"I just want to feel normal again"
"I am so exhausted from worrying"
Anxiety can be an extremely uncomfortable emotion, particularly if it persists is an intense and chronic state. The term “anxiety” is broad and typically refers to a cluster of very different disorders. Anxiety around a specific event (e.g. crowds, social gatherings) or object (e.g. spiders, germs) is much different from anxiety that looms overhead at all times, as is the case in Generalized Anxiety Disorder. Each requires a different and unique approach, however, they often share a common symptomatic presentation. If you are feeling chronically keyed-up or on edge, startled easily, have difficulty concentrating, experiencing racing thoughts, uncontrollable and excessive worry or sleep disturbances you may be suffering from an anxiety disorder.

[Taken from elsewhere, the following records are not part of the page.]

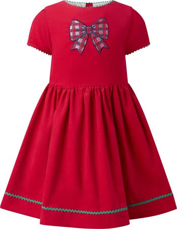 New! Introducing our Tartan Bow Embroidered Dress, the perfect outfit for your little one this season! This adorable red dress features a cute bow embroidery design at the chest, along with playful ricrac ribbon trims in contrasting green tone. With short puff sleeves, a gathered skirt, and a fully lined design, this dress is not only stylish but also comfortable. Perfect choice for special occasions.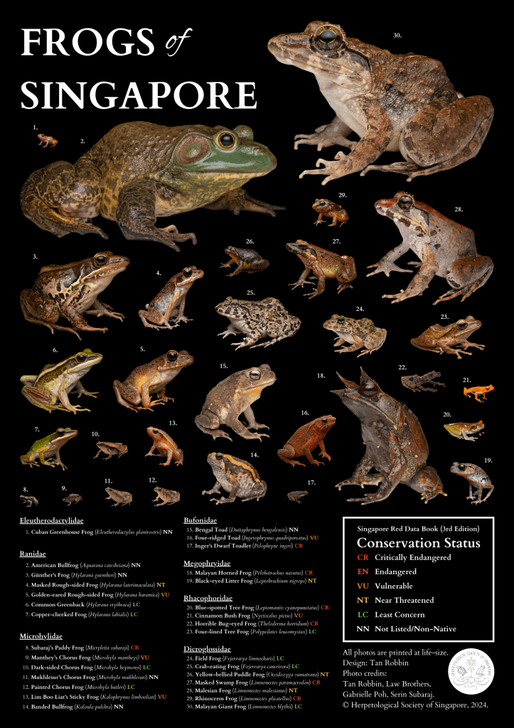 This would not have been possible without the support of HSS President Kannan and Scientific Officer Shiva, whose invaluable feedback guided the poster’s development at every phase. We would also like to thank the Law Brothers and Serin Subaraj for generously providing photographs of some of Singapore’s rarest frogs, for without them, we would not have been able to showcase all 30 species of frogs.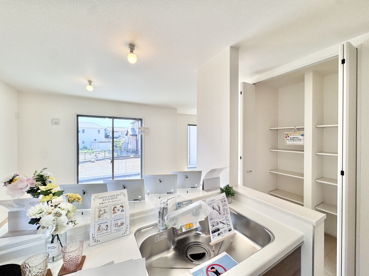2号棟 リビング一部にカウンターがあり、お子様の勉強スペースとして家事をしながら様子を見ることもできます◎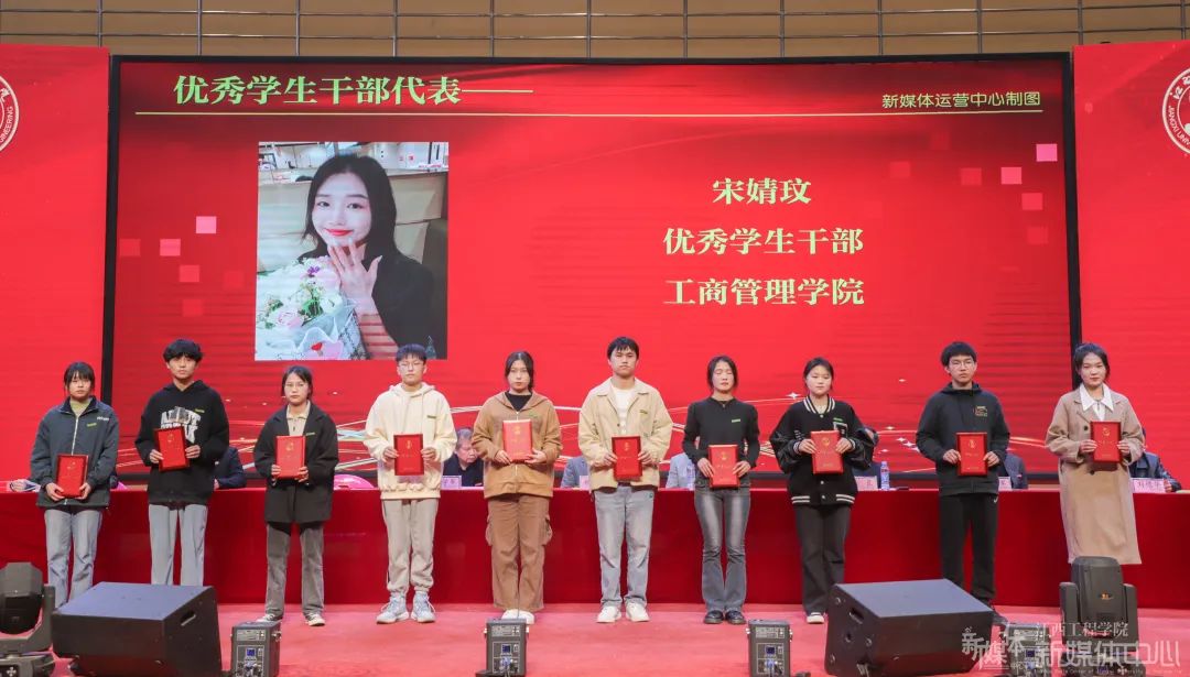 冯赟宣读《关于表彰先进集体和优秀学生的决定》、《关于表彰国家奖学金、励志奖学金、天工奖学金的决定》。

Anxiety is also highly connected to your physical health. For many, anxiety shows up as a mysterious health condition like gastrointestinal distress (e.g. IBS), heart arrhythmia’s, chronic pain, or headaches. Whichever your unique experience, there is help. Anxiety can be properly treated and in a relatively short amount of time. People that are suffering from anxiety disorders often feel at their wits end and exhausted in managing this uphill battle. There is real help and hope in overcoming this life-limiting illness. We have experience as specialized anxiety counselors in helping people of all ages overcome anxiety and get back to enjoying and living their lives.
Our approach is primarily psychodynamic. In other words, we believe that we are often mysteries to ourselves and a psychologist is skilled at uncovering deeper, root issues often suppressed from our conscious thought. People often have thoughts, feelings, and inner conflicts they may not be aware of but which can produce the experience of conscious anxiety. Once those issues are brought to light, processed, and worked through people begin to feel immensely better.
We first learn to work with anxiety in our early relationships. You might ask yourself, how was anxiety dealt with in the home I get up in? Was it a feeling that was allowed? Was it the only feeling allowed? Did it push away or draw our primary caregivers closer or further? The basic footwork of how we relate to our anxiety can be found in these early relational and emotional templates. Diving into this in psychotherapy is an extremely healing element. A common, faulty belief is that what we choose to forget, “get over” or move on from can no longer affect us. This couldn’t be further from the truth, real freedom is understanding, allowing, and integrating these sworn off inner experiences.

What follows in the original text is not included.